It's not the failed call that worries me. The call itself was correct, and the only thing off was a couple of invented fields. That makes the runtime feel like part of the model's interface rather than just an implementation detail. Train a model in a forgiving environment and other runtimes end up inheriting its habits.

by aberrahmane_b

7/4/2026 at 9:44:51 PM

> You can ask the model to produce valid JSON

Doesn't always work, for better performance you can kneel and start begging

by wseqyrku

7/5/2026 at 9:53:56 AM

Humiliation-assisted prompting. it's the future.

by automatic6131

7/5/2026 at 7:26:53 AM

Pi is my daily driver. I noticed the same phenomenon, and had Claude analyze all my past transcripts for classes of 'edit' error. Built an extension which patches the edit tool to self-heal on the majority of those kinds of calls. It's not 100%, but it cuts down on the rejections quite a bit and saves a few round trips.
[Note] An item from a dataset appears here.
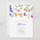 Celebre sua flor silvestre! Este divertido convite de aniversário com formato de flor apresenta uma cascata de aquarela de ilustrações florais. Personalize com suas informações ou clique em "Clique para personalizar mais" para editar estilos de fonte, tamanho e cores.
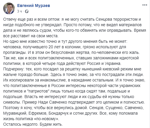 "Отвечу еще раз и всем оптом: я не могу считать Сенцова террористом и нигде подобного не утверждал. Просто потому, что не видел материалов дела и не являюсь судом, чтобы кого-то обвинять или оправдывать. Время все расставит на свои места. Но одно мне известно точно и тут другого мнения быть не может: человека, получившего 20 лет в колонии, грязно используют для пропаганды. И в этом он безусловная жертва, по-человечески его жаль. Так же, как и всех политзаключенных, ставших заложниками идиотской политики, в которой четыре года действуют Россия и Украина. Подчеркну: тех, кого посадил за решетку "нынешний киевский режим" мне жальче гораздо больше. Здесь я точно знаю, за что пострадали эти люди. Их изолировали за инакомыслие, в назидание остальным. И я точно знаю, что политзаключенные в России интересны некоторой части украинских политиков и "патриотов" лишь только когда сидят там, подальше и подольше. Власть не интересуют люди и их судьбы - ей нужны только символы. Поэтому я хочу, чтобы все вернулись домой. Сенцов, Сущенко, Савченко, Муравицкий, Ефремов, Бондарчук и сотни других", - написал Мураев.

EDIT: It's still quite fascinating seeing the kinds of things the models keep trying to do. It almost seems like when a human has slightly off with their nervous system. The conscious brain wants to do one thing, but for some reason the signals aren't getting to the hands correctly.

by pugio

7/5/2026 at 11:22:02 AM

There's a spectrum of possible explanation, from "this is a model training artifact which for now they correct via the harness" through to "this is deliberate, and creates a constantly moving target to make third-party harnesses less efficient for lock-in purposes".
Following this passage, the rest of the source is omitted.